Which all sounds logical enough. It’s just that it doesn’t sound much like Jesus. Jesus had precisely nothing to say about homosexuality, and not much more about a whole bunch of other moral issues that we Christians have often made a big song and dance about. But he had a lot to say about the importance of love – love of God, love of neighbours, and love of enemies – and it is love that he said should be the thing that his followers are known for (John 13:35).

Too often that talk of identity and moral boundaries just sounds like an in-house version of the conversations about national identity and tough border protection. It doesn’t sound like anything to do with love, with what Jesus said was most important. It is true that the law Jesus named second, the commandment to love your neighbour as yourself, had always been understood as meaning that you are to love your own people, your family, your tribe, your compatriots. But when Jesus was asked who he thought was the neighbour we were to love, he answered with the parable of the good Samaritan, an answer that portrayed as the model neighbour someone who was despised as an enemy by his fellow Jews. Which was another way of saying what he spelled out elsewhere, that we should love even our enemies, or in other words, our love should know no boundaries, no borders, no limits. 

Jesus not only turned the religion of his own day on its head, he turns most of the religion of our day, religion as we know it, on its head. 

Love of God and love of neighbour are not the nice icing on top of the cake. They are the cake. They are the gospel. They are the heart and soul of Jesus’s message, not because Jesus doesn’t care about our salvation, but because love is our salvation, love saves us. Love saves us because what God is saving us from is our self-destructive plunge into hatred and hostility and vengeance. Love is the way out. 

Love is the heart and soul of Jesus’s message, not because Jesus doesn’t care about getting you to heaven when you die, but because Jesus’s first concern is bringing about heaven here on earth before you die. Love is the heart and soul of Jesus’s message, not because Jesus doesn’t care about the Bible’s teachings and laws, but because love is the meaning and the goal of the Bible’s teachings and laws. Love is the heart and soul of Jesus’s message, not because Jesus doesn’t care about the moral character of his church, but because love is the measure of the moral character of his church. The church that is known first and foremost for being a people who love others is the church that Jesus says are evidently his followers.

My friends, if we take this seriously and live it out whole-heartedly, there will be people who will say that we have sold out, that we are no longer real Christians, that we have become a bunch of bleeding-heart liberals who have thrown out the Bible and the gospel. But it is actually Jesus who has turned this all on its head. Let’s commit ourselves to following Jesus and living by what he said was most important.
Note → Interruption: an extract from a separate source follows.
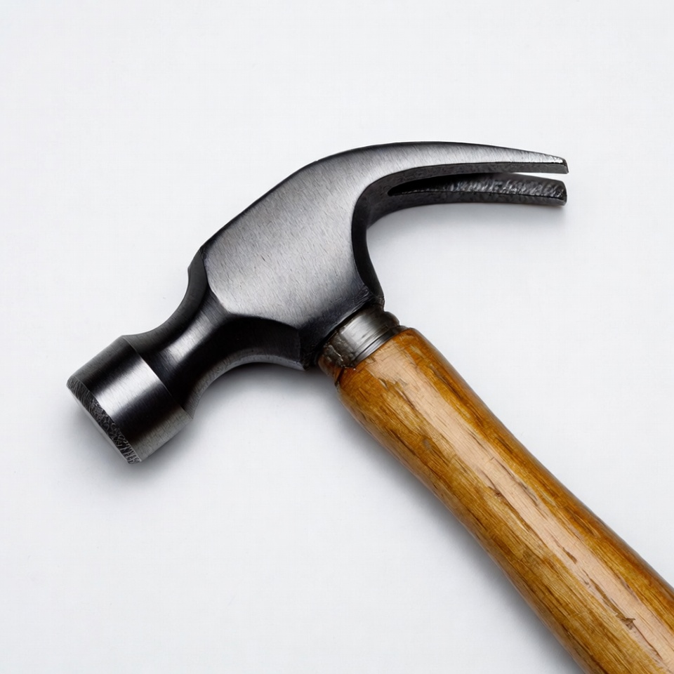 A hammer with a wooden handle lays on a white surface. It is positioned to show detail of the head and grip.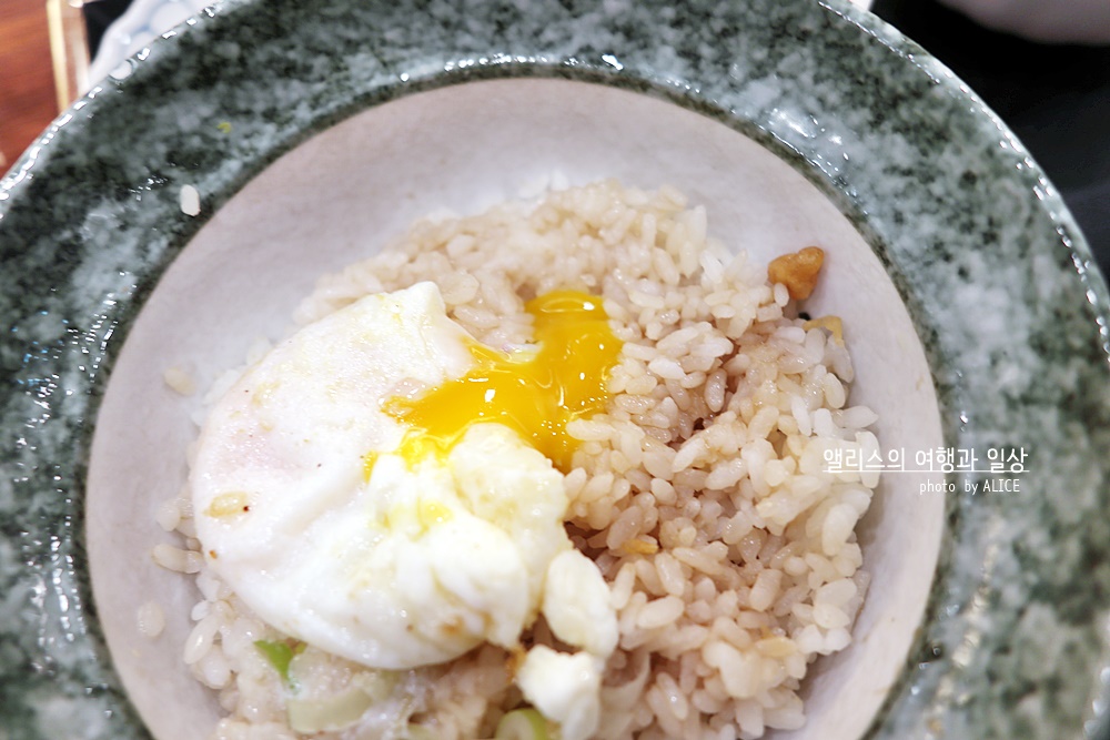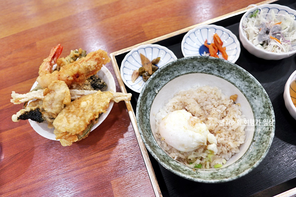 9,500원치고는 구성은 괜찮은 편이다. 특히 왕새우튀김도 마음에 들고, 여기에 온천계란까지 있어서 딱히 추가 양념을 넣지 않아도 밥에 있는 기본양념과 잘 어울렸다.

Hear, O People of God: the Lord our God, the Lord is one, and the Lord is love. You shall love the Lord your God with all your heart, and with all your soul, and with all your mind, and with all your strength. And you shall love your neighbour and your enemy as yourself. This is the gospel, this is the law and the prophets, and by this we will be shown to be following Jesus.

2 Comments

  1. I think it is sad that the Union would even discuss distancing itself from ‘sinners’. Wouldn’t we all be thrown out? And didn’t Jesus go towards the sinner?
    I think when you have tasted a tough life, love is the remedy.

  2. For me this homily was profound. The gospel of Jesus, love before all else, even salvation. After all, what is even the point of salvation without love? This is the gospel that I want to live.